## Task objective:
Transcribe every entry exactly; the images stay out.

--------------------------------

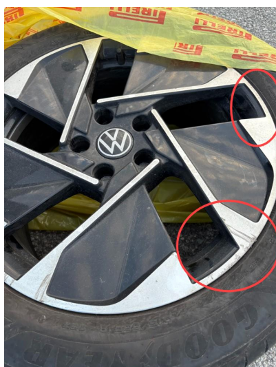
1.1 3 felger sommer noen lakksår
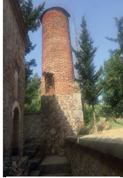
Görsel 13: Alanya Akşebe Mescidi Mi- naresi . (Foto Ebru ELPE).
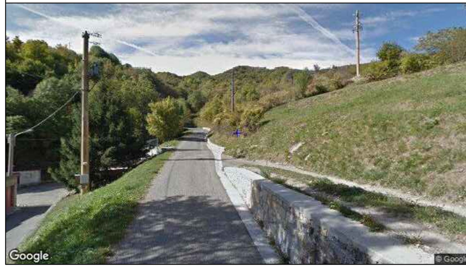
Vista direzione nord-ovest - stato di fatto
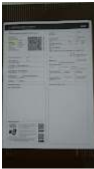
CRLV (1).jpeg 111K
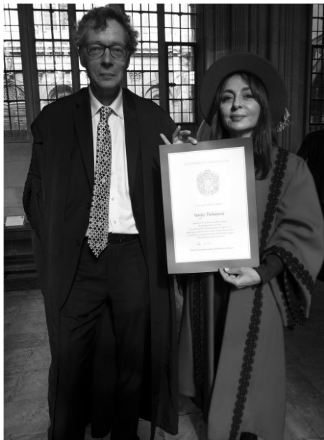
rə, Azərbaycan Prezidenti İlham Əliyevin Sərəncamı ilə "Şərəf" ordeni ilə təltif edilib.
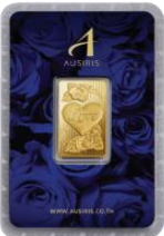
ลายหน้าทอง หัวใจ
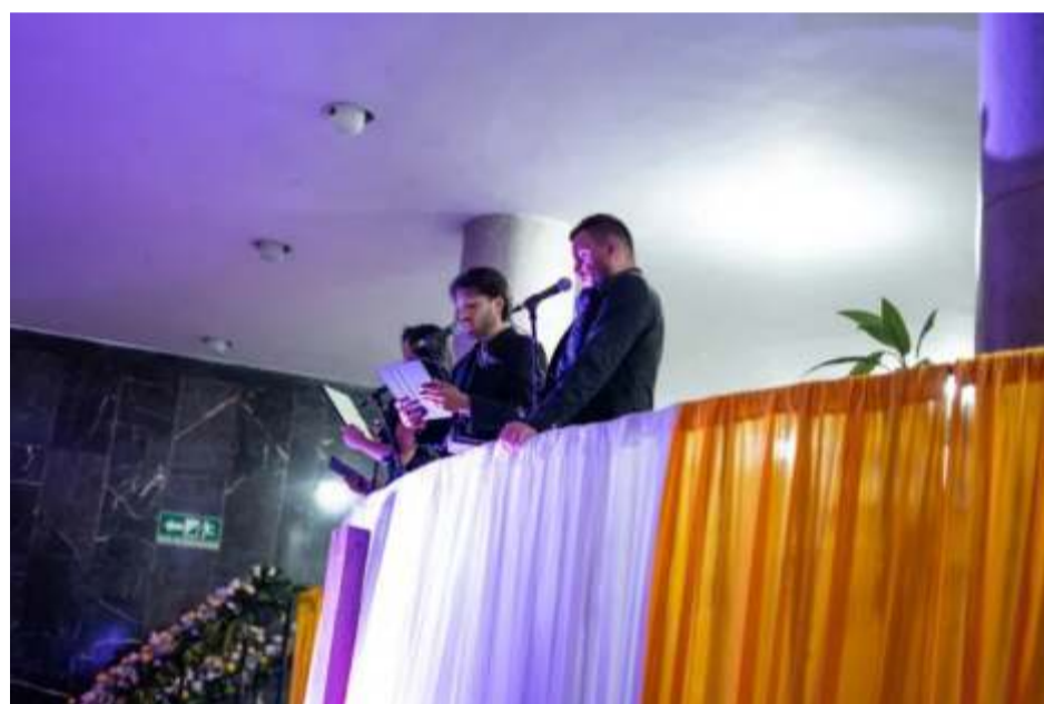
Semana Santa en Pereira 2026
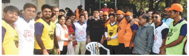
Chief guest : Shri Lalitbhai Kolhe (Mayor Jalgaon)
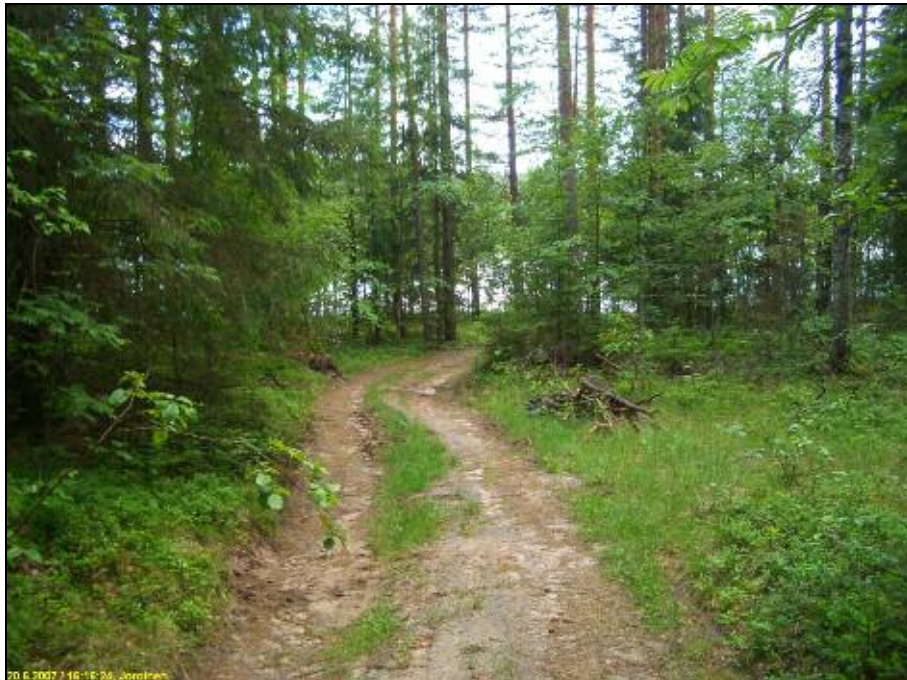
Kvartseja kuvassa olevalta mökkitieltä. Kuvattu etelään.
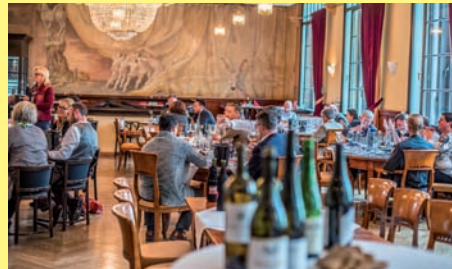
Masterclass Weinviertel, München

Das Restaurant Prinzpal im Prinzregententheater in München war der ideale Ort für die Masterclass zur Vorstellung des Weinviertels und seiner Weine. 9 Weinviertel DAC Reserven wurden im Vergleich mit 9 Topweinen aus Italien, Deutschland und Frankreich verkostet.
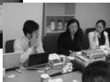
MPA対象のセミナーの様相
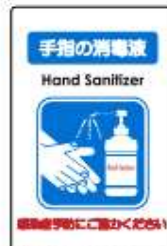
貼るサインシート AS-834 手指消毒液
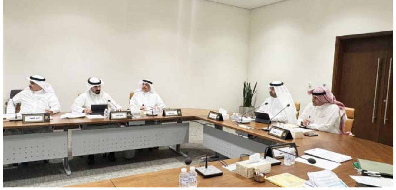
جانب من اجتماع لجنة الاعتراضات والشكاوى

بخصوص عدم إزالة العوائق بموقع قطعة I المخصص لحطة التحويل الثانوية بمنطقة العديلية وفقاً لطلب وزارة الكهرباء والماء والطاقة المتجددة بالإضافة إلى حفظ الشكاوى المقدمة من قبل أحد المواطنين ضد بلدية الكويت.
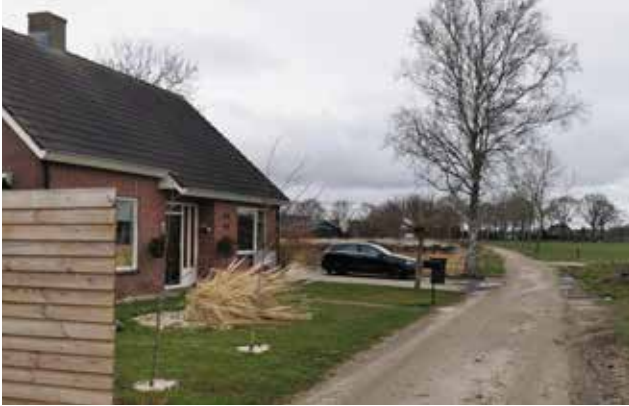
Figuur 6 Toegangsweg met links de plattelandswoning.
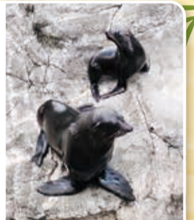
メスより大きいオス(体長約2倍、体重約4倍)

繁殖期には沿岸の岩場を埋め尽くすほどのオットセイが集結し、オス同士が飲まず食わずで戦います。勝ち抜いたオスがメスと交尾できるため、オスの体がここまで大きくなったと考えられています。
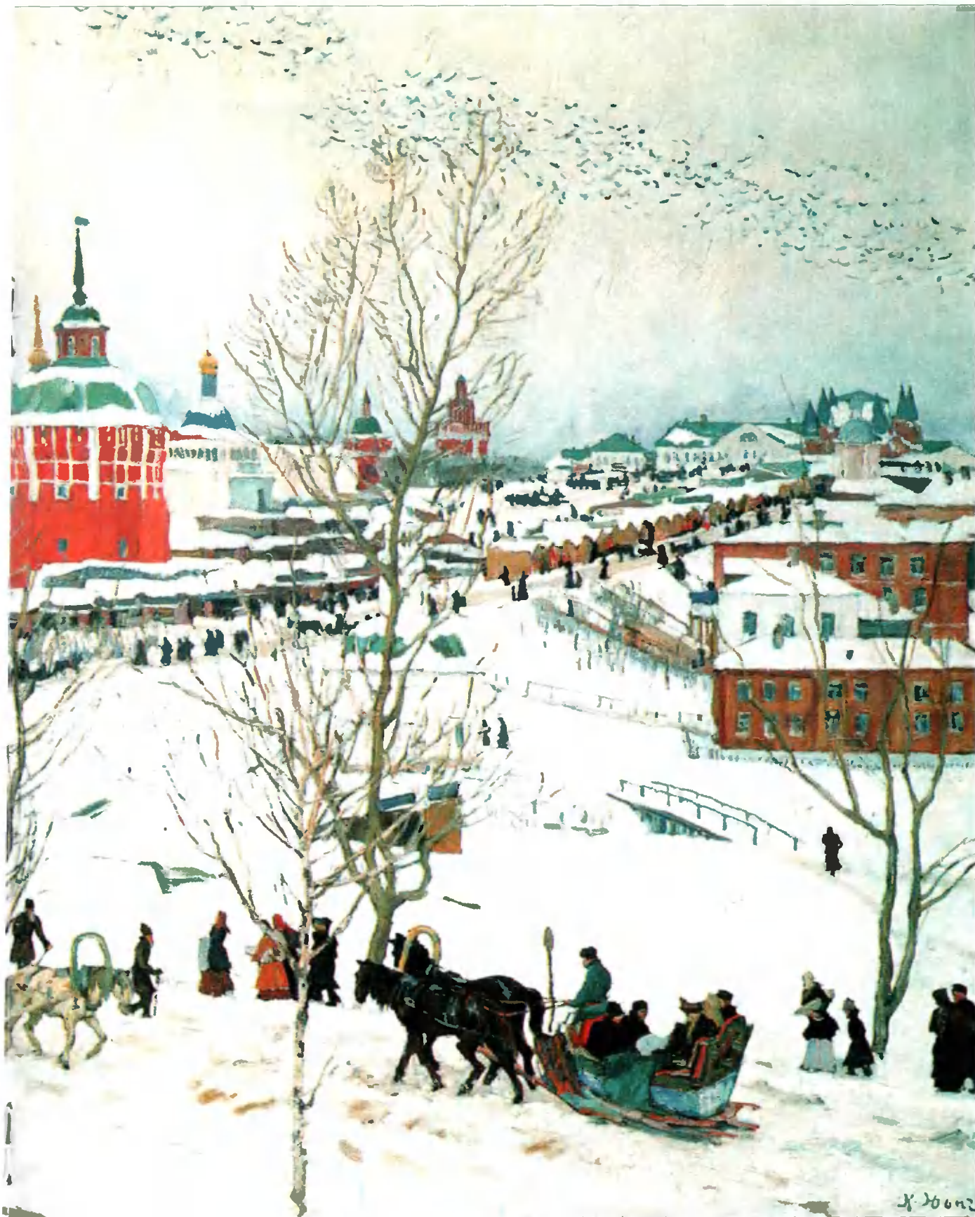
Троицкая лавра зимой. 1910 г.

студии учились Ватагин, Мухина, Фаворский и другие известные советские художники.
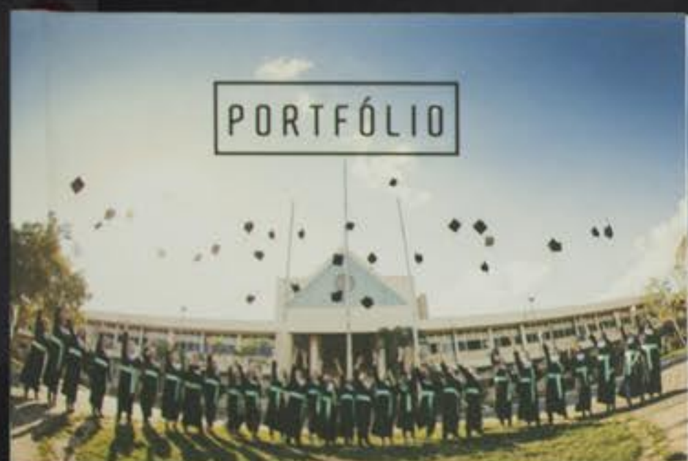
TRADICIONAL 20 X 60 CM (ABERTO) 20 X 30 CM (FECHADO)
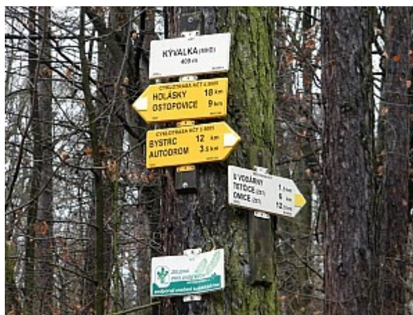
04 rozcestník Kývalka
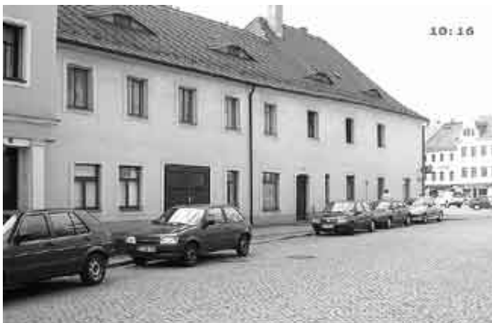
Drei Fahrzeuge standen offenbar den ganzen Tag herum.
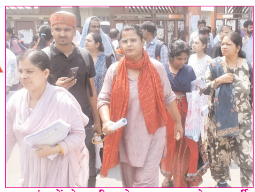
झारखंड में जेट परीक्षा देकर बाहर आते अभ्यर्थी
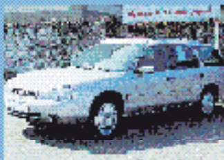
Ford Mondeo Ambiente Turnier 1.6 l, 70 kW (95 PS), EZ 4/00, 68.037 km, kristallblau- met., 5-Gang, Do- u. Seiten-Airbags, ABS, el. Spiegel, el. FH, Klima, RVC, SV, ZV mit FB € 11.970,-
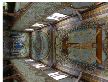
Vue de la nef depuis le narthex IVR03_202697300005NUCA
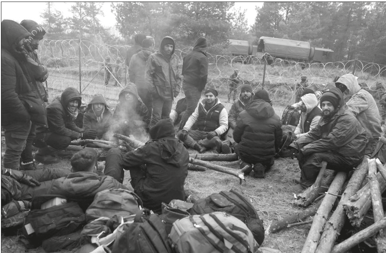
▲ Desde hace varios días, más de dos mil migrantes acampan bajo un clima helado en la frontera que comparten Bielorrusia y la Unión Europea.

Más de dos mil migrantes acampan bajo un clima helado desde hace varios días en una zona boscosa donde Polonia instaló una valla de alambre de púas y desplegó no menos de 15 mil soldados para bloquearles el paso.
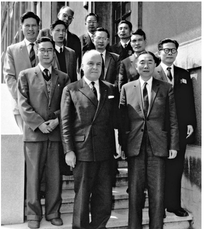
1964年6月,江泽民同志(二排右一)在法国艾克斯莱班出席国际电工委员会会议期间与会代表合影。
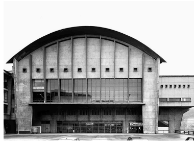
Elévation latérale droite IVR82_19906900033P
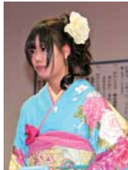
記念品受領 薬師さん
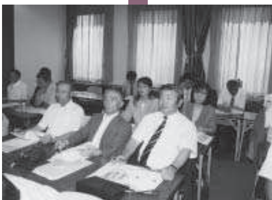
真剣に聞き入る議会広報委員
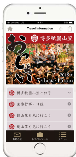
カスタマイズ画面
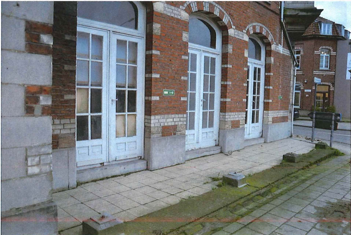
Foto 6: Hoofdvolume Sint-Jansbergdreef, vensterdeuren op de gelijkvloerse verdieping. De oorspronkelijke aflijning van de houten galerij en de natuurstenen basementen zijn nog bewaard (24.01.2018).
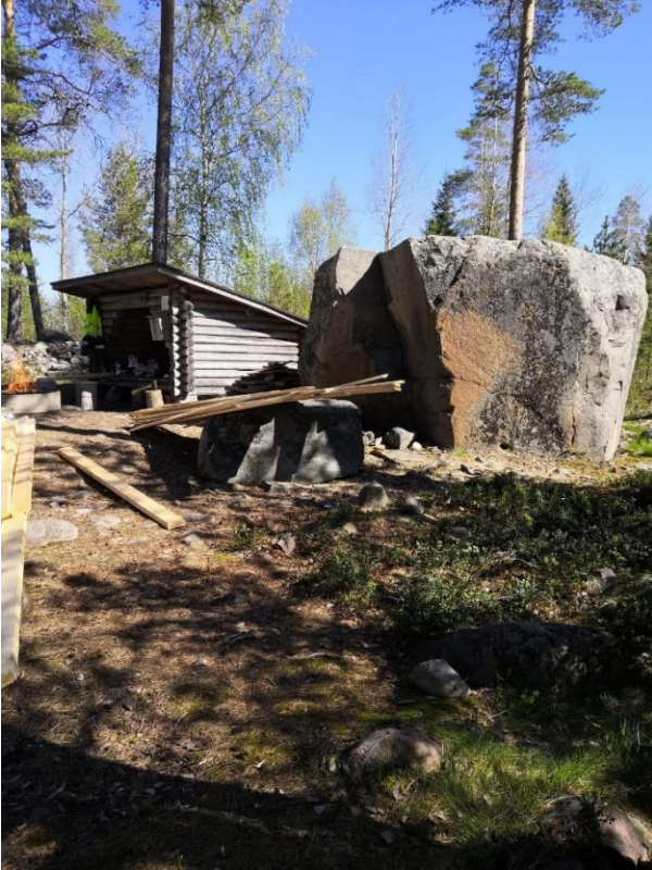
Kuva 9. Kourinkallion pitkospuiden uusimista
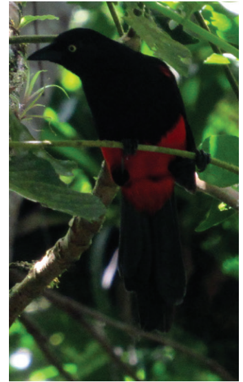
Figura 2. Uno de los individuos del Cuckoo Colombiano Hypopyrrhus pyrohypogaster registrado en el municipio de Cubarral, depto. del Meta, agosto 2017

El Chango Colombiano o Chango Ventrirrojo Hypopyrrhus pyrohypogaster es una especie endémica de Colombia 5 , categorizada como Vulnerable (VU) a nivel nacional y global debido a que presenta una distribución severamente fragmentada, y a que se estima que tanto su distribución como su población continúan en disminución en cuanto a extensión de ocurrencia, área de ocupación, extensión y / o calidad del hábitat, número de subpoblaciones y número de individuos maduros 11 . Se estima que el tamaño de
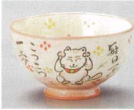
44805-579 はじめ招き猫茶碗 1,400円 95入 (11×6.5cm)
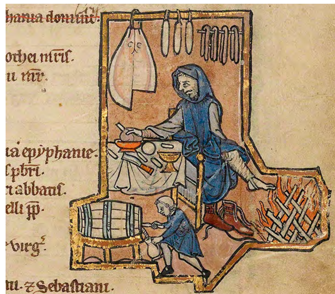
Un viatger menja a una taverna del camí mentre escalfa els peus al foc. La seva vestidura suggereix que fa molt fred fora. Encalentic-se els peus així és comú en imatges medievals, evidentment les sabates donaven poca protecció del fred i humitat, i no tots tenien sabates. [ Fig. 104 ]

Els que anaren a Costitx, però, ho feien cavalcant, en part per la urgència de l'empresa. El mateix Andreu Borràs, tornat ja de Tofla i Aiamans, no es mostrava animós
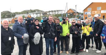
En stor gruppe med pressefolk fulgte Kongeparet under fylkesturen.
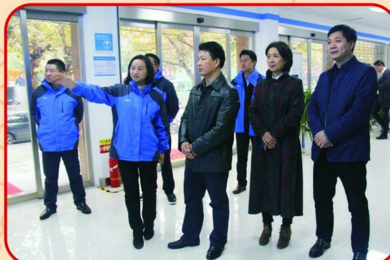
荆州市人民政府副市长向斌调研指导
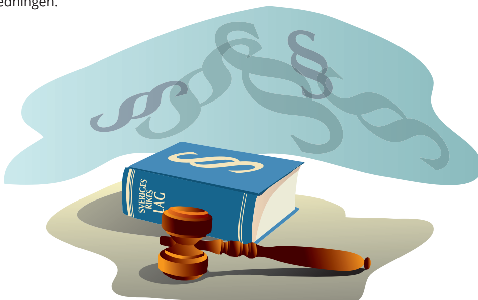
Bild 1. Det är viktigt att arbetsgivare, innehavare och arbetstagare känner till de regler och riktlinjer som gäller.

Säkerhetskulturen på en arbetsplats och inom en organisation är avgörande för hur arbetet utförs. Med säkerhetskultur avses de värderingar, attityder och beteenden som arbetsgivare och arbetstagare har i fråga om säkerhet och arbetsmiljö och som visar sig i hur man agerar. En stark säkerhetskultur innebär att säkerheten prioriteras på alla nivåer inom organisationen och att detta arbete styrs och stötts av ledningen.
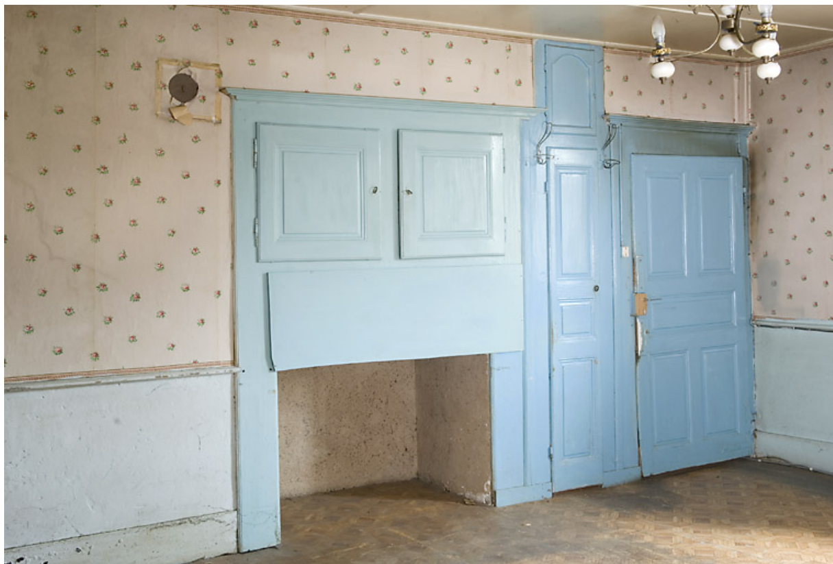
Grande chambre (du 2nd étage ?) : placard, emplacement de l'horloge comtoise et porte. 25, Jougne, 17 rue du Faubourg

--------------------------------

## Task result:
1.1 3 felger sommer noen lakksår
Görsel 13: Alanya Akşebe Mescidi Mi- naresi . (Foto Ebru ELPE).
Vista direzione nord-ovest - stato di fatto
CRLV (1).jpeg 111K
rə, Azərbaycan Prezidenti İlham Əliyevin Sərəncamı ilə "Şərəf" ordeni ilə təltif edilib.
ลายหน้าทอง หัวใจ
Semana Santa en Pereira 2026
Chief guest : Shri Lalitbhai Kolhe (Mayor Jalgaon)
Kvartseja kuvassa olevalta mökkitieltä. Kuvattu etelään.
Masterclass Weinviertel, München

Das Restaurant Prinzpal im Prinzregententheater in München war der ideale Ort für die Masterclass zur Vorstellung des Weinviertels und seiner Weine. 9 Weinviertel DAC Reserven wurden im Vergleich mit 9 Topweinen aus Italien, Deutschland und Frankreich verkostet.
MPA対象のセミナーの様相
貼るサインシート AS-834 手指消毒液
جانب من اجتماع لجنة الاعتراضات والشكاوى

بخصوص عدم إزالة العوائق بموقع قطعة I المخصص لحطة التحويل الثانوية بمنطقة العديلية وفقاً لطلب وزارة الكهرباء والماء والطاقة المتجددة بالإضافة إلى حفظ الشكاوى المقدمة من قبل أحد المواطنين ضد بلدية الكويت.
Figuur 6 Toegangsweg met links de plattelandswoning.
メスより大きいオス(体長約2倍、体重約4倍)

繁殖期には沿岸の岩場を埋め尽くすほどのオットセイが集結し、オス同士が飲まず食わずで戦います。勝ち抜いたオスがメスと交尾できるため、オスの体がここまで大きくなったと考えられています。
Троицкая лавра зимой. 1910 г.

студии учились Ватагин, Мухина, Фаворский и другие известные советские художники.
TRADICIONAL 20 X 60 CM (ABERTO) 20 X 30 CM (FECHADO)
04 rozcestník Kývalka
Drei Fahrzeuge standen offenbar den ganzen Tag herum.
झारखंड में जेट परीक्षा देकर बाहर आते अभ्यर्थी
Ford Mondeo Ambiente Turnier 1.6 l, 70 kW (95 PS), EZ 4/00, 68.037 km, kristallblau- met., 5-Gang, Do- u. Seiten-Airbags, ABS, el. Spiegel, el. FH, Klima, RVC, SV, ZV mit FB € 11.970,-
Vue de la nef depuis le narthex IVR03_202697300005NUCA
▲ Desde hace varios días, más de dos mil migrantes acampan bajo un clima helado en la frontera que comparten Bielorrusia y la Unión Europea.

Más de dos mil migrantes acampan bajo un clima helado desde hace varios días en una zona boscosa donde Polonia instaló una valla de alambre de púas y desplegó no menos de 15 mil soldados para bloquearles el paso.
1964年6月,江泽民同志(二排右一)在法国艾克斯莱班出席国际电工委员会会议期间与会代表合影。
Elévation latérale droite IVR82_19906900033P
記念品受領 薬師さん
真剣に聞き入る議会広報委員
カスタマイズ画面
Foto 6: Hoofdvolume Sint-Jansbergdreef, vensterdeuren op de gelijkvloerse verdieping. De oorspronkelijke aflijning van de houten galerij en de natuurstenen basementen zijn nog bewaard (24.01.2018).
Kuva 9. Kourinkallion pitkospuiden uusimista
Figura 2. Uno de los individuos del Cuckoo Colombiano Hypopyrrhus pyrohypogaster registrado en el municipio de Cubarral, depto. del Meta, agosto 2017

El Chango Colombiano o Chango Ventrirrojo Hypopyrrhus pyrohypogaster es una especie endémica de Colombia 5 , categorizada como Vulnerable (VU) a nivel nacional y global debido a que presenta una distribución severamente fragmentada, y a que se estima que tanto su distribución como su población continúan en disminución en cuanto a extensión de ocurrencia, área de ocupación, extensión y / o calidad del hábitat, número de subpoblaciones y número de individuos maduros 11 . Se estima que el tamaño de
44805-579 はじめ招き猫茶碗 1,400円 95入 (11×6.5cm)
Un viatger menja a una taverna del camí mentre escalfa els peus al foc. La seva vestidura suggereix que fa molt fred fora. Encalentic-se els peus així és comú en imatges medievals, evidentment les sabates donaven poca protecció del fred i humitat, i no tots tenien sabates. [ Fig. 104 ]

Els que anaren a Costitx, però, ho feien cavalcant, en part per la urgència de l'empresa. El mateix Andreu Borràs, tornat ja de Tofla i Aiamans, no es mostrava animós
En stor gruppe med pressefolk fulgte Kongeparet under fylkesturen.
荆州市人民政府副市长向斌调研指导
Bild 1. Det är viktigt att arbetsgivare, innehavare och arbetstagare känner till de regler och riktlinjer som gäller.

Säkerhetskulturen på en arbetsplats och inom en organisation är avgörande för hur arbetet utförs. Med säkerhetskultur avses de värderingar, attityder och beteenden som arbetsgivare och arbetstagare har i fråga om säkerhet och arbetsmiljö och som visar sig i hur man agerar. En stark säkerhetskultur innebär att säkerheten prioriteras på alla nivåer inom organisationen och att detta arbete styrs och stötts av ledningen.
Grande chambre (du 2nd étage ?) : placard, emplacement de l'horloge comtoise et porte. 25, Jougne, 17 rue du Faubourg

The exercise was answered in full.